* Requirement
Every line of the listing is returned unchanged, and every picture is dropped.

* Dataset content
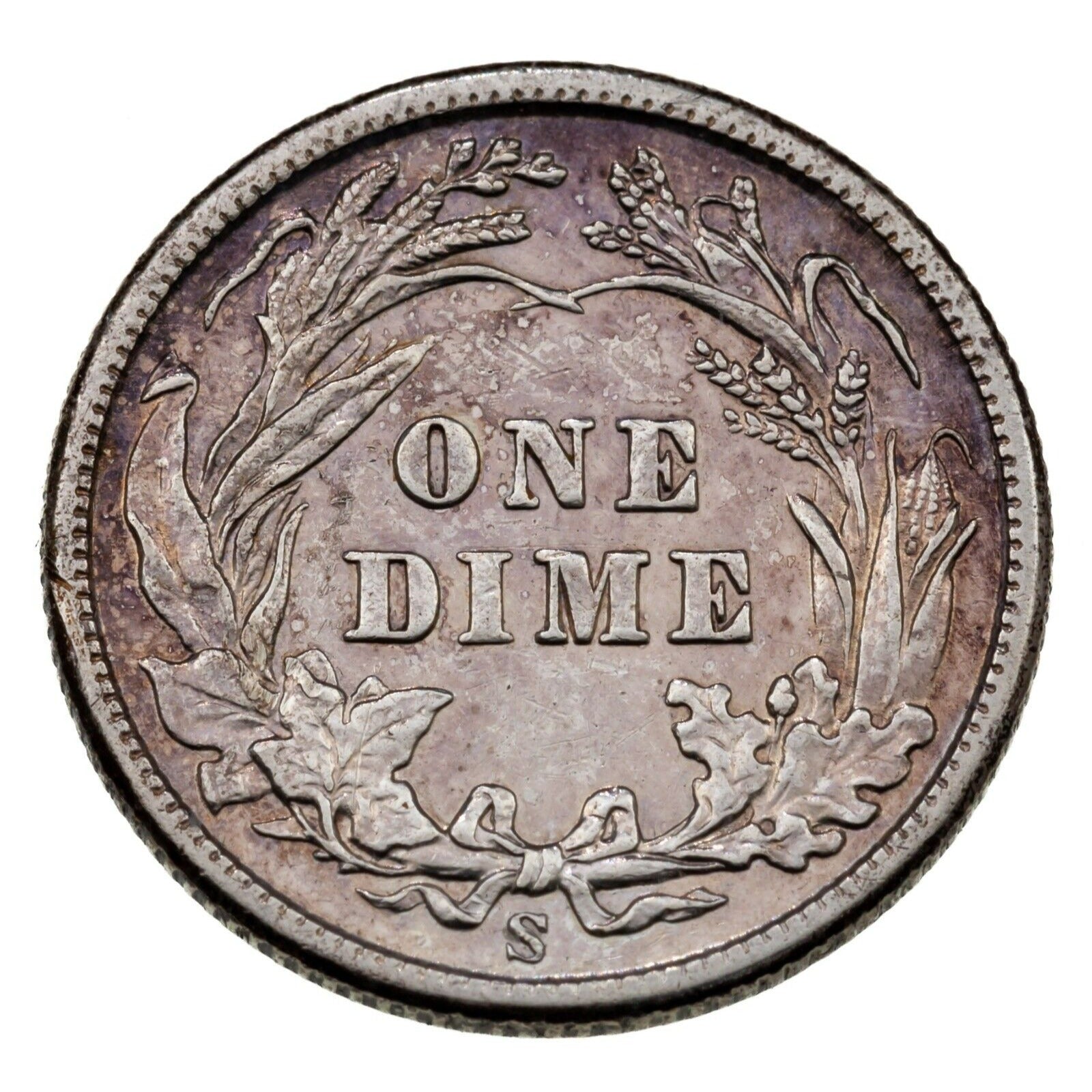 1908-S 10C Barber Dime in XF Condition, Light Toning
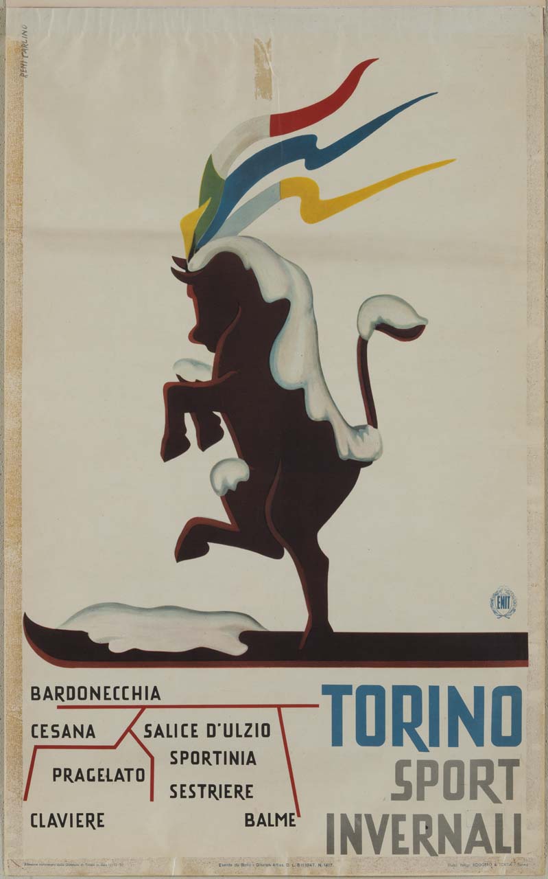 Lettura iconografica: toro; simbolo città di Torino; tre nastri; tricolore italiano; azzurro compagnie sportive; giallo-oro stemma comunale; località. Categoria merceologica/ tipo evento: sport; manifestazioni sportive; sport invernali; turismo; enti di promozione turistica. Nomi: ENIT; Ente Nazionale per l'incremento delle Industrie Turistiche; Torino Sport Invernali. Luoghi: Bardonecchia; Cesana Torinese; Sportinia; Salice d’Ulzio; Sauze d’Oulx; Pragelato; Sestriere; Claviere; Balme; Torino
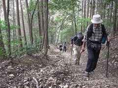 7日は山の会でハイキングの予定でしたが、いささか差しさわりがあって会としては遠慮することに・・・替わりに有志のプライベートハイキングとなりました。 前日の土曜日は絶好の日和だったのですが、この日は生憎の曇り空。目的の二上山へ向かう車の道中でも雨がパラつく有様です。 走ること1時間で道の駅ふたかみ當麻に到着します。えらい混みようです。ハイキング基地として利用されているからでもあるのでしょう。 駅の裏手から歩き始めると、道沿いの畑と林の向こうに目的の二上山がくっきりとその姿を現わしています。奈良の山に似つかわしい、いかにも優美な姿です。 10分ほどで加守神社に到着します。どうやら神社の裏手が登山口になっている模様です。張り巡らされた獣除けの柵の奥に、急こう配の階段が見えます。 植林帯を縫うように階段状の登山路が続きます。結構な段数です。数百歩登るごとに立ち止まって息を整えます。不思議なことに日曜日にもかかわらず、ハイカーの姿は殆ど見られません。 雄岳山頂は丁度正午。大津皇子の墓があって、墓を守るように男性がひとり座っています。二上神社の美化保存協力費二百円也を申し受けるとのことで、御苦労なことです。 雄岳から一旦鞍部に下って登り返すと雌岳の山頂にでます。此処雌岳は公園のように整備されていて、流石にハイカーが多い!反対側から登って来た人たちなのでしょう。 幸いこの頃には曇り空にも晴れ間が広がって、時折太陽が顔を覗かせます。山頂の一角に陣取って、お昼を取ります。暑くもなく、寒くもなく丁度頃合いの気持の良いハイキング日和となりました。 ゆっくりとした昼食を済ませると、あとはひたすら歩くのみ。道の駅を起点に二上山を周遊するようなコースですから距離はたっぷりあります。 石光寺、当麻寺を経由して道の駅に戻り着いたのは丁度3時でした。駅近くの喫茶店で喉を潤します。ハイキングにしては皆さん結構きつかった様子ですが、爽やかな秋空の下、10時から3時まで5時間の運動量は丁度頃合いだったかも知れません。 |

* The answer
 1908-S 10C Barber Dime in XF Condition, Light Toning
 Lettura iconografica: toro; simbolo città di Torino; tre nastri; tricolore italiano; azzurro compagnie sportive; giallo-oro stemma comunale; località. Categoria merceologica/ tipo evento: sport; manifestazioni sportive; sport invernali; turismo; enti di promozione turistica. Nomi: ENIT; Ente Nazionale per l'incremento delle Industrie Turistiche; Torino Sport Invernali. Luoghi: Bardonecchia; Cesana Torinese; Sportinia; Salice d’Ulzio; Sauze d’Oulx; Pragelato; Sestriere; Claviere; Balme; Torino
 7日は山の会でハイキングの予定でしたが、いささか差しさわりがあって会としては遠慮することに・・・替わりに有志のプライベートハイキングとなりました。 前日の土曜日は絶好の日和だったのですが、この日は生憎の曇り空。目的の二上山へ向かう車の道中でも雨がパラつく有様です。 走ること1時間で道の駅ふたかみ當麻に到着します。えらい混みようです。ハイキング基地として利用されているからでもあるのでしょう。 駅の裏手から歩き始めると、道沿いの畑と林の向こうに目的の二上山がくっきりとその姿を現わしています。奈良の山に似つかわしい、いかにも優美な姿です。 10分ほどで加守神社に到着します。どうやら神社の裏手が登山口になっている模様です。張り巡らされた獣除けの柵の奥に、急こう配の階段が見えます。 植林帯を縫うように階段状の登山路が続きます。結構な段数です。数百歩登るごとに立ち止まって息を整えます。不思議なことに日曜日にもかかわらず、ハイカーの姿は殆ど見られません。 雄岳山頂は丁度正午。大津皇子の墓があって、墓を守るように男性がひとり座っています。二上神社の美化保存協力費二百円也を申し受けるとのことで、御苦労なことです。 雄岳から一旦鞍部に下って登り返すと雌岳の山頂にでます。此処雌岳は公園のように整備されていて、流石にハイカーが多い!反対側から登って来た人たちなのでしょう。 幸いこの頃には曇り空にも晴れ間が広がって、時折太陽が顔を覗かせます。山頂の一角に陣取って、お昼を取ります。暑くもなく、寒くもなく丁度頃合いの気持の良いハイキング日和となりました。 ゆっくりとした昼食を済ませると、あとはひたすら歩くのみ。道の駅を起点に二上山を周遊するようなコースですから距離はたっぷりあります。 石光寺、当麻寺を経由して道の駅に戻り着いたのは丁度3時でした。駅近くの喫茶店で喉を潤します。ハイキングにしては皆さん結構きつかった様子ですが、爽やかな秋空の下、10時から3時まで5時間の運動量は丁度頃合いだったかも知れません。 |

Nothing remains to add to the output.